再回来的时候,手里多了个文件袋,递给她:“看看。”
她疑惑地接过,不会职业病犯了吧,这是要让她签什么协议?
然后抽出里面的几页纸。
一行一行往下看,捏着纸页边缘的手指,却越捏越紧。
当年做空孟家的那家公司,幕后操盘手在国外,国内的对接人是一个姓郑的中间人。
这个人一两年前因为别的事进去了,判得不轻,傅斯珩找到了他。
文件里附了一份问话记录。
中间人说,那单生意的信息,有一部分是从谢泽宇那边流出来的。
谢泽宇从头到尾知道所有经过,知道孟家的股票要崩,也知道孟家会跌到什么程度。
但他没提醒过孟家。
孟安甯盯着那几行字问:“谢泽宇会是幕后黑手吗?”
知情,却没有提醒,光是这一点,已经足够让人怀疑,他在这件事里,到底伸了多长的手?
“现在没有直接证据。
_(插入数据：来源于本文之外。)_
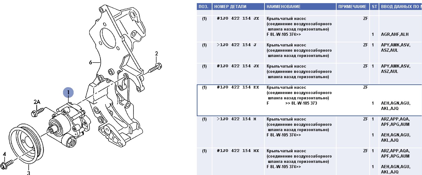 Для WAUZZZ8LZVA110781 идёт насос ГУР 1J0 422 154H или если сдать свой старый б/у насос официалам, то они вам дадут восстановленный на заводе 1J0 422 154HX.
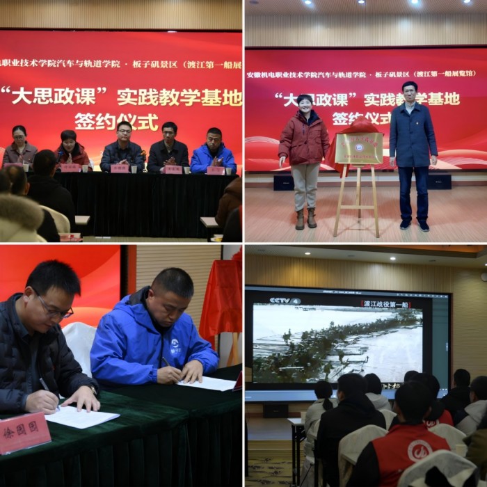 为深化教育强国三年行动计划立德树人机制综合改革试点建设,12月24日,安徽机电职业技术学院组织部分教职工及学生入党积极分子代表,赴渡江第一船展览馆开展“红色教育润初心 立德树人担使命”主题党日活动,并成功举行“思政育人实践基地”共建签约揭牌仪式。

”傅斯珩说,“中间人的口供只能说明他知道,但法庭上拿这个去定他的罪,不够。”
孟安甯把文件搁回桌上,抬起头,“那他娶我干嘛?”
她不明白,谢泽宇为什么绕这么大个圈子,看着人做空孟家,又花大价钱把孟家救回来。
傅斯珩告诉她:“谢振远逼的。当初,谢泽宇因为这件事,还挨了一顿谢家家法。老爷子和你爸爸有旧,你知道。”
孟安甯很快得出结论:“所以爷爷早就知道这件事。他逼谢泽宇娶我,只是为了弥补谢泽宇的冷眼旁观?”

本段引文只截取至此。